We should lament because of the remembrance of what we once had and lost. We should be like the People of God who wept when they remembered Zion (Psalm 137:1). Likewise, we should mourn for the Garden of blessings for our homeland, for our security and protection, for our city, for closeness with the Lord, and for our Father’s house.
Lament Over the Affront to God
Yet, on a deeper level, should not merely lament for things that we once had or for the goodness of former days. Adam and Eve’s lament reached the agonizing realization that they had offended the source of their blessings. Their disobedience had broken their relationship with their Creator, Benefactor, Guide, and Protector. They left the Garden estranged, alienated, and distant from the Giver of Life. From then on, the story of the human race would be the story of the desperate quest to overcome this rupture of the relationship between the human and the divine.
The Most Profound Lament
The realization of our most grievous fault should cut like a knife into our souls. We should say with the Palam of David, “Against You, You only, have I sinned, And done this evil in Your sight” (Psalm 50 (51):4). We have not plumed the depths of repentance until we have come to this basic lament. Sin separates us from the Holy, Righteous, and Merciful God. Therefore, true repentance means that we “Seek the Lord while He may be found, Call upon Him while He is near” (Isaiah 55:6). Nothing in all creation compares to the glory, goodness, and greatness of God. Thus, the most profound lament is not for the loss of anything but the Creator Himself.
For Reflection
Our Lenten lamentation can be of two types. The first is the mourning of despair which is entirely fixed in the past. The second is remembrance mixed with hope for the future. The latter type is the confident grief that prays in Vespers: “And may the Master open unto me the gates which I closed by my transgression; may He count me worthy to partake in the tree of life once again and of the joy which was mine when I dwelt in Thee from the beginning”1 (quoted in Fr.
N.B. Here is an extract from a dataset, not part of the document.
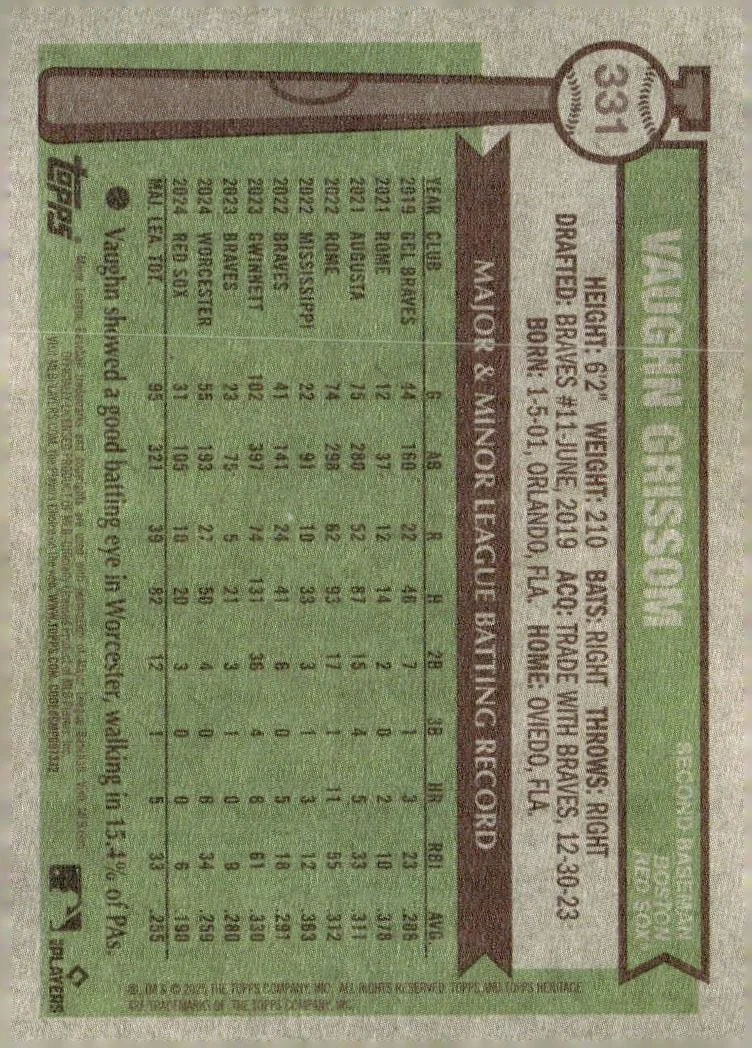 This is a nice example of a 2025 Topps Heritage #331 Vaughn Grissom

Thomas Hopko).
Indeed, the Lord promises that He will let Himself be found when we look for him in repentant longing. He said through the prophet, “And you will seek Me and find Me when you search for Me with all your heart (OSB Jeremiah 29:13). In fulfillment of that promise, the Son of God left the Paradise of heaven and joined the human race outside the gate of exile. On the other side of the wall, He entered the land of toil, suffering, death, and corruption.
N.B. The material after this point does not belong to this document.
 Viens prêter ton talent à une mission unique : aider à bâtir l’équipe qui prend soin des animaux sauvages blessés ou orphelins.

This Lent, therefore, let us return to the Lord with bold confidence in the mercy of God. May we lament our offenses against the Holy God with tears of mourning. But may these sighs of grief carry us into the presence of the merciful God. And having received the forgiveness of God, may we then resolve to struggle against the passions that we might no longer grieve our loving Heavenly Father.
Works Cited
1Quoted in Fr. Thomas Hopko: “Forgiveness Sunday: the Expulsion of Adam from Paradise.” 2014. https://www.pravmir.com/forgiveness-sunday-expulsion-adam-paradise/.
Great insight. Thank you.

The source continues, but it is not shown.